Below are records with pictures in them. Transcribe everything from the line containing "流量计对流体流量的测定是在计" down to the line containing "资产重大变化方面,截至202", exactly, and leave the pictures behind.
* * *
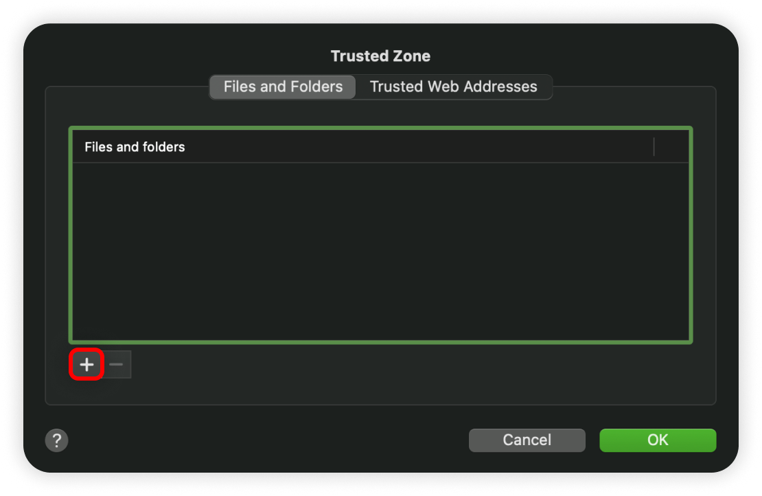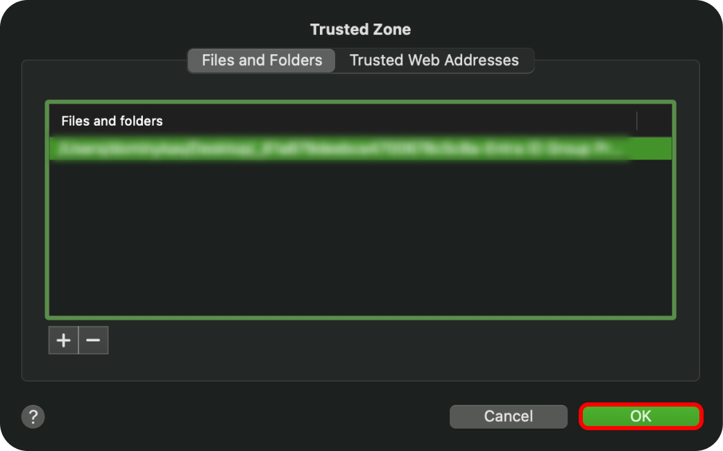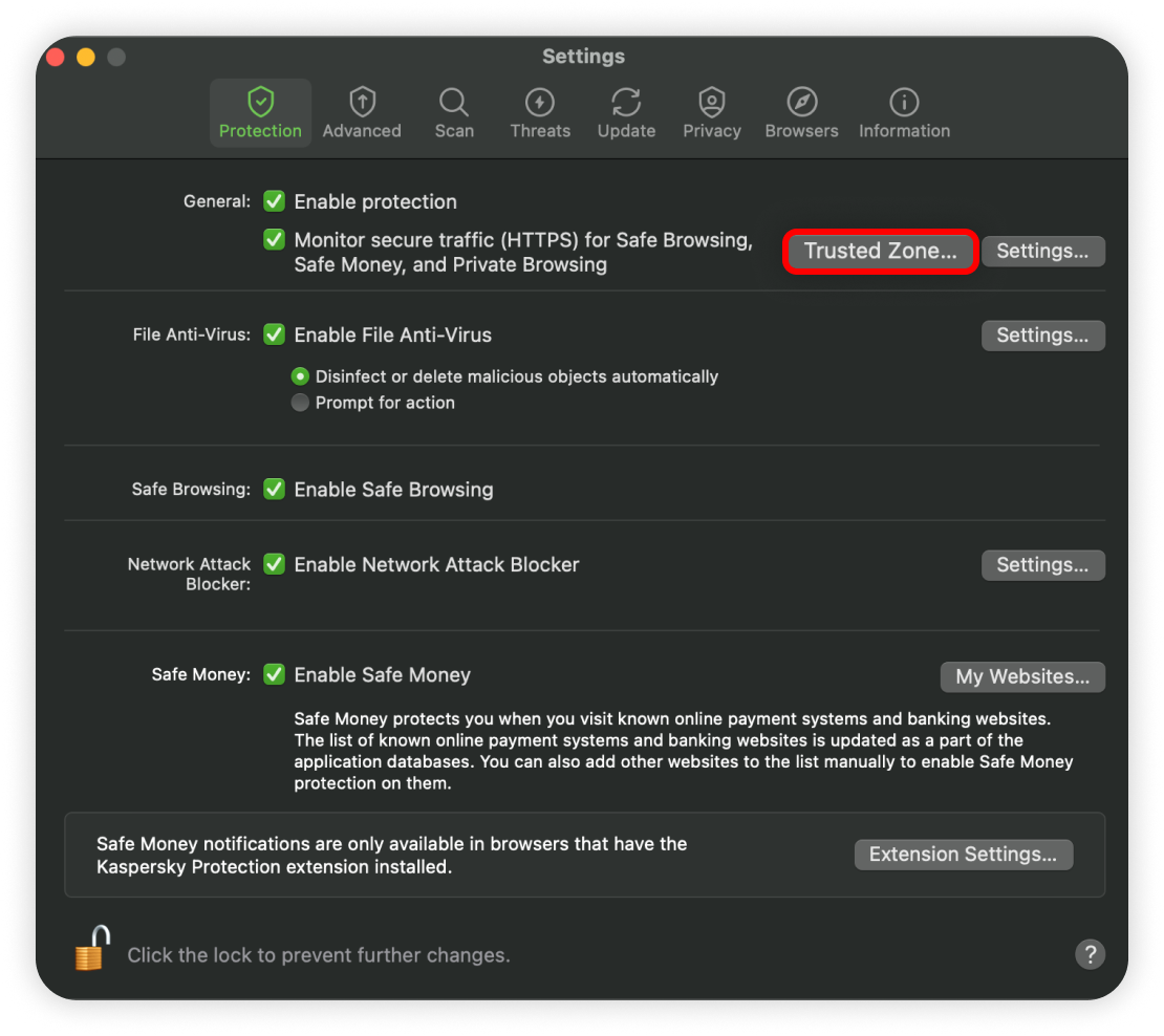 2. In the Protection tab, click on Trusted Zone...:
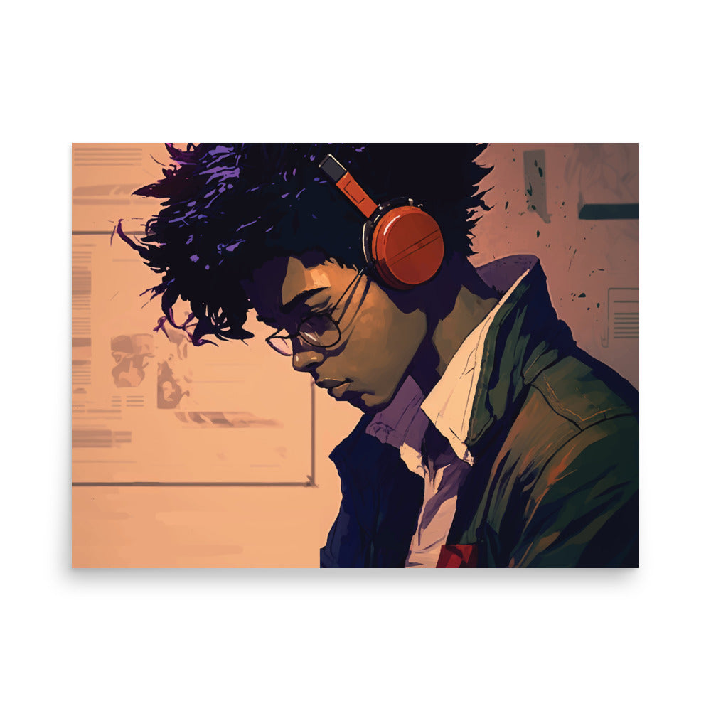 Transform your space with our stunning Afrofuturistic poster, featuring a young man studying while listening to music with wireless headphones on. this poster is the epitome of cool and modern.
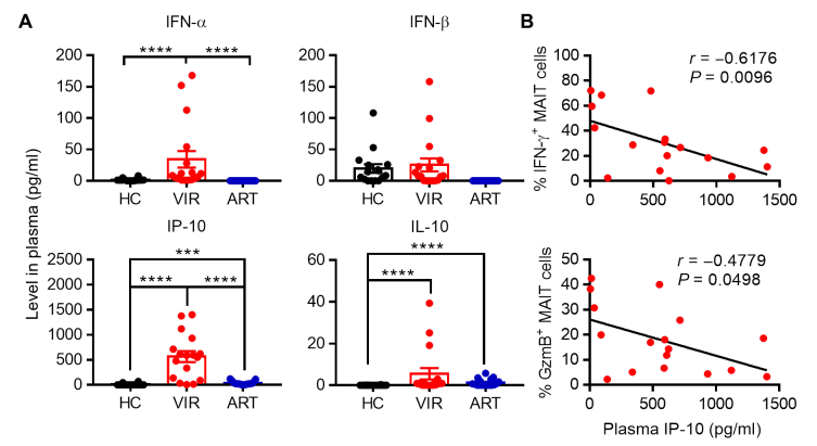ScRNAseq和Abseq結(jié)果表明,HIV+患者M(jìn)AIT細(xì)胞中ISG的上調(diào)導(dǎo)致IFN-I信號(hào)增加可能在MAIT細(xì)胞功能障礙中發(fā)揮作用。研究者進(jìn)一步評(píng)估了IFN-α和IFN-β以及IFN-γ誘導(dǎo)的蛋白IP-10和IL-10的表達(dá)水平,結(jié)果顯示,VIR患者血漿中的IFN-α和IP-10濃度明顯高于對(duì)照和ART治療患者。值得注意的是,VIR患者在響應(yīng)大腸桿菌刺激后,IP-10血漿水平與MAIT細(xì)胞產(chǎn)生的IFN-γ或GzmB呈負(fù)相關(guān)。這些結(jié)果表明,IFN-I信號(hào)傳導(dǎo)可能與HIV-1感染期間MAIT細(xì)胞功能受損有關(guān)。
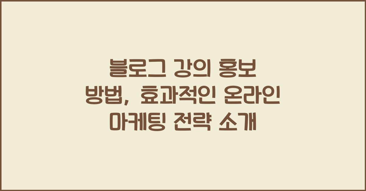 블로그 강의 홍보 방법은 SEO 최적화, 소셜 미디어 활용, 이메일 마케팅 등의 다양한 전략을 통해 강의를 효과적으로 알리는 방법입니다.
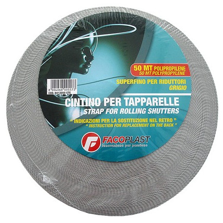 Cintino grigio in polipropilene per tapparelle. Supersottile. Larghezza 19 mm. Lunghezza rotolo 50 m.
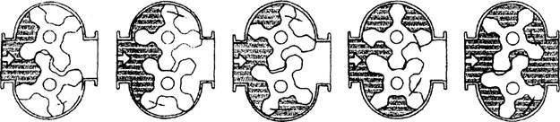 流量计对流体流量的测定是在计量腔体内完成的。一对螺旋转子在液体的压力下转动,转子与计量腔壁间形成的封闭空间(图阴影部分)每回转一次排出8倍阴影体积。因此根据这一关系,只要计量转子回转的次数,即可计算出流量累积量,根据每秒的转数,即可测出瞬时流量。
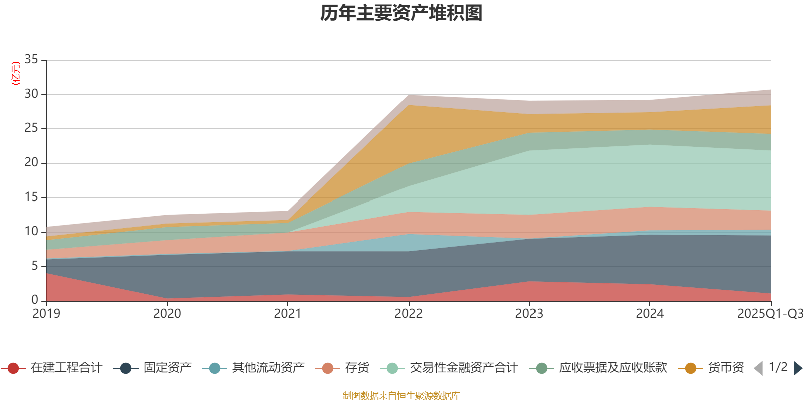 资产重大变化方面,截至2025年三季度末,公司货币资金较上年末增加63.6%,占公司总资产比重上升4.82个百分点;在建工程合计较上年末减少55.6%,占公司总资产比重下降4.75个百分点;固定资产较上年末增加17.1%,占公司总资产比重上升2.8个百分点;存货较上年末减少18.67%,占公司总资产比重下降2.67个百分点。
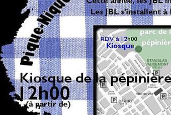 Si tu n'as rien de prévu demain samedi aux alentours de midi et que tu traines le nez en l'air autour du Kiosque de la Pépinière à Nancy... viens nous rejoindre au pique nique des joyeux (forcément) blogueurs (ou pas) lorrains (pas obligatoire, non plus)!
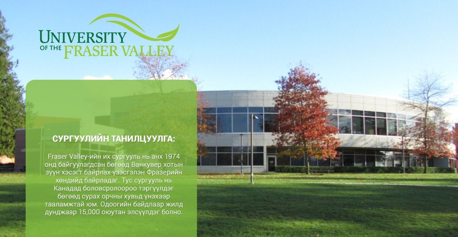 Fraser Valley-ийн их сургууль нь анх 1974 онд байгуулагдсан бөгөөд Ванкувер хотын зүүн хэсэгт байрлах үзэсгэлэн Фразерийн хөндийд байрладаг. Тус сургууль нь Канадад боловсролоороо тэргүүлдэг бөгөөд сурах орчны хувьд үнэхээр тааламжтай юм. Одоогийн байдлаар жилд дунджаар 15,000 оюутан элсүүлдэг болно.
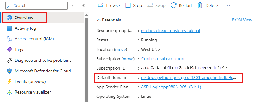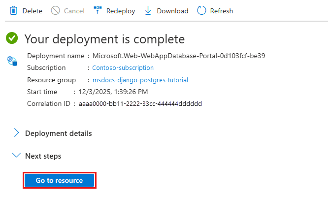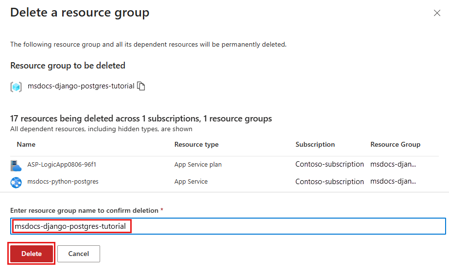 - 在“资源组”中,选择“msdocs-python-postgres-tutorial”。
* * *
Finished task >>
 流量计对流体流量的测定是在计量腔体内完成的。一对螺旋转子在液体的压力下转动,转子与计量腔壁间形成的封闭空间(图阴影部分)每回转一次排出8倍阴影体积。因此根据这一关系,只要计量转子回转的次数,即可计算出流量累积量,根据每秒的转数,即可测出瞬时流量。
 资产重大变化方面,截至2025年三季度末,公司货币资金较上年末增加63.6%,占公司总资产比重上升4.82个百分点;在建工程合计较上年末减少55.6%,占公司总资产比重下降4.75个百分点;固定资产较上年末增加17.1%,占公司总资产比重上升2.8个百分点;存货较上年末减少18.67%,占公司总资产比重下降2.67个百分点。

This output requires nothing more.